Thursday, September 4, 2025

the dark side of immobility

Over the weekend, I had the unfortunate liberty to injure myself............... again.... yes. Again, for the God knows how many time. Only this time I didn't injure myself from squash. I injured myself whilst exercising in the gym. Also, it's not the knee this time. It's my back this time.

Due to the injury, I have been confined to my bed most of the time for the last few days. Hence, I have the free time to write this blog post. Given how long I have been inactive on my blog I guess, it's high time I wrote something meaningful (writing about injuring myself may not exactly be a useful read but you may never know). 

So.... under the constraints of my injury, the limited physical spaces of my bed and this horrendously hot weather, I am like a bird clipped of its wings and unable to fly. Apart for feeling horribly frustrated about my current situation, it can be a very appreciative moment to reflect on how lucky all of us are when we can move around and do whatever we want with our legs and hands. 

Now, I think I have a better grasp of how those bedridden people feel like - literally confined to the bed for the rest of their lives. You'd be surprised but not being able to move around on the bed itself is frustrating enough! I am not even talking about running around doing stuff. I used to think lazing on the bed not doing anything would be nice. I now know how wrong that assumption is. I am extremely surprised as to how difficult it is to not doing anything and just lay still on the bed. It really is a pain (in my current context, the pain is both figuratively and literally!). 
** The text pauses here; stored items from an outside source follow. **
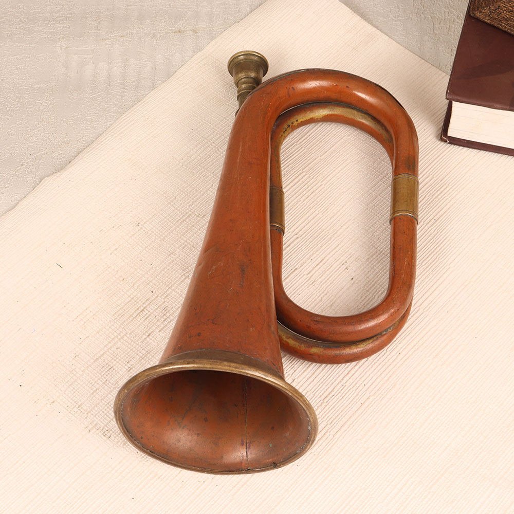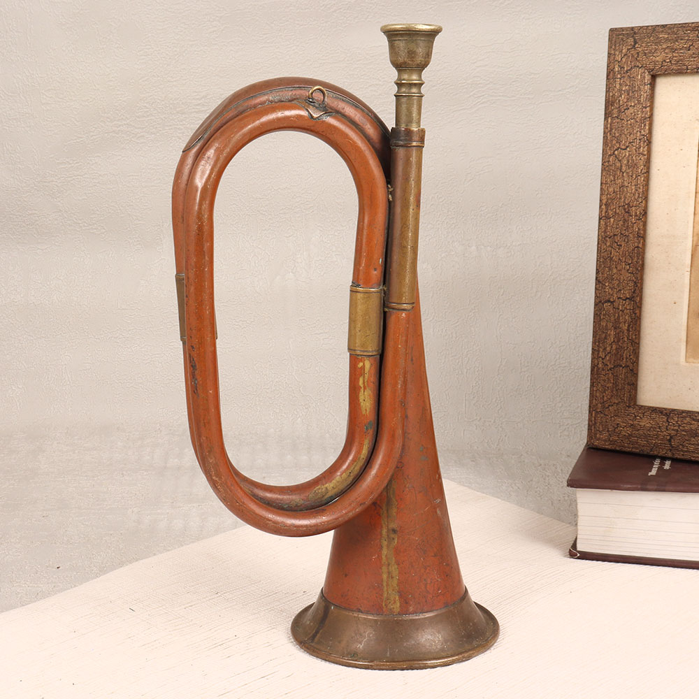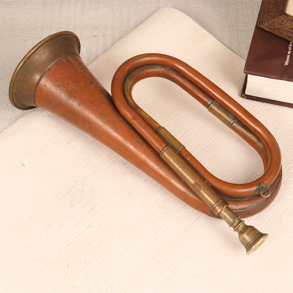 A Vintage Brass and Copper Bugle that is a masterpiece crafted by highly talented artisans in English Art. Meticulously handmade from high-quality brass and copper, this musical instrument boasts a rich antique brown finish that exudes a sense of nostalgia and sophistication. The bugle, with its classic design, adds a touch of elegance to any setting, be it your home, office, restaurant, hotel, or cafe. Its versatile appeal makes it a captivating decorative piece that seamlessly blends with various interior styles. Whether placed on a mantel, a shelf, or as a centerpiece, this bugle serves as a conversation starter and a testament to the beauty of craftsmanship. This exceptional bugle isn't just a decorative piece, it's an exquisite addition to any vintage collection. Its historical allure and artisanal quality make it a noteworthy heirloom that stands the test of time. Consider this Vintage Brass and Copper Bugle as a thoughtful gift for your family, friends or relatives on special, festive, or auspicious occasions. Celebrate the artistry of the past and create lasting memories with this unique and beautifully crafted musical instrument.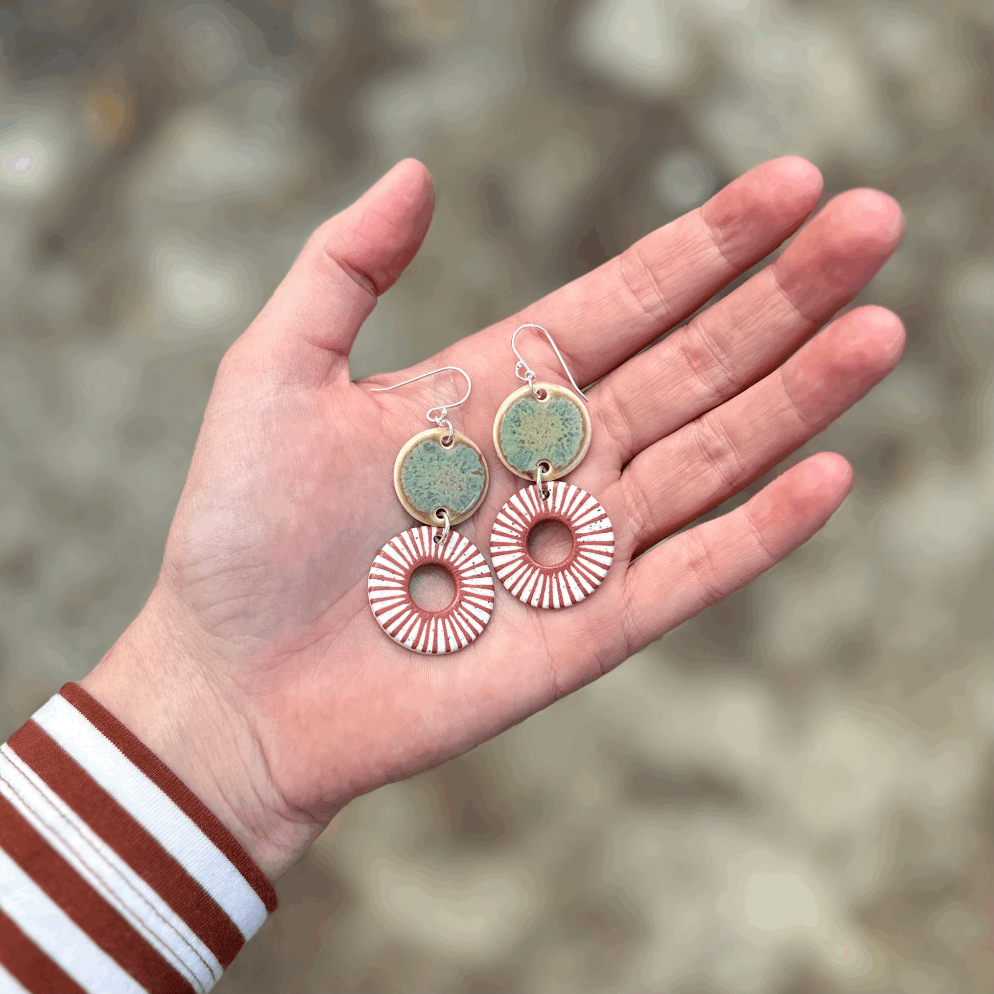 These earrings measure 6cm long from the top of the silver hook to the bottom of the last ceramic piece. The widest ceramic piece measures 2.5cm.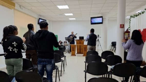 Jesus está salvando vidas aqui na Espanha, e a igreja segue crescendo. Porém, como é formada por 2/3 de imigrantes, é muito comum que, às vezes, não possam vir frequentemente aos cultos, pois às vezes conseguem trabalhos com horários incompatíveis com os horários de culto, o que faz com que muitos esfriem na fé e terminem sucumbindo às lutas e provações.
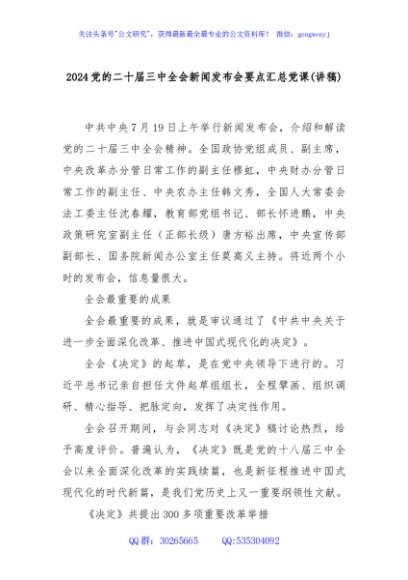 / 2024党的二十届三中全会新闻发布会要点汇总党课(讲稿)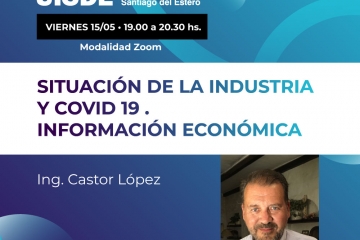 SITUACIÓN DE LA INDUSTRIA Y COVID 19 . INFORMACIÓN ECONÓMICAEste viernes 15/05/2020 de 19.00 a 20.30 hs, charla Zoom con el Ing. Castor López

Let me try and give you an impression of what it's like to be in my current position. I wake up in the morning, I try to get out of bed, I have to slowly turn myself to be on all fours before I slowly raise my torso upwards. In the process of raising my torso, I'd still feel a sharp pain in my lower back, albeit not as sharp as compared to raising myself in a seated position. When I finally succeed in standing up, I then limp my way to brush my teeth. Believe you me, 10 feet feels like 10 miles with the pain in my back.

Then I limp to the kitchen, make a hot chocolate and some biscuits, then I limp back to the bed and lie down. I then let the pain subside before grabbing a book to read to kill time. From there, I get up only to answer the call of nature.

Third day of immobility and I can now safely say what a real pain in the back it is to be immobile and knowing there is so little you can do in such a state. It's a taste of the dark side of immobility.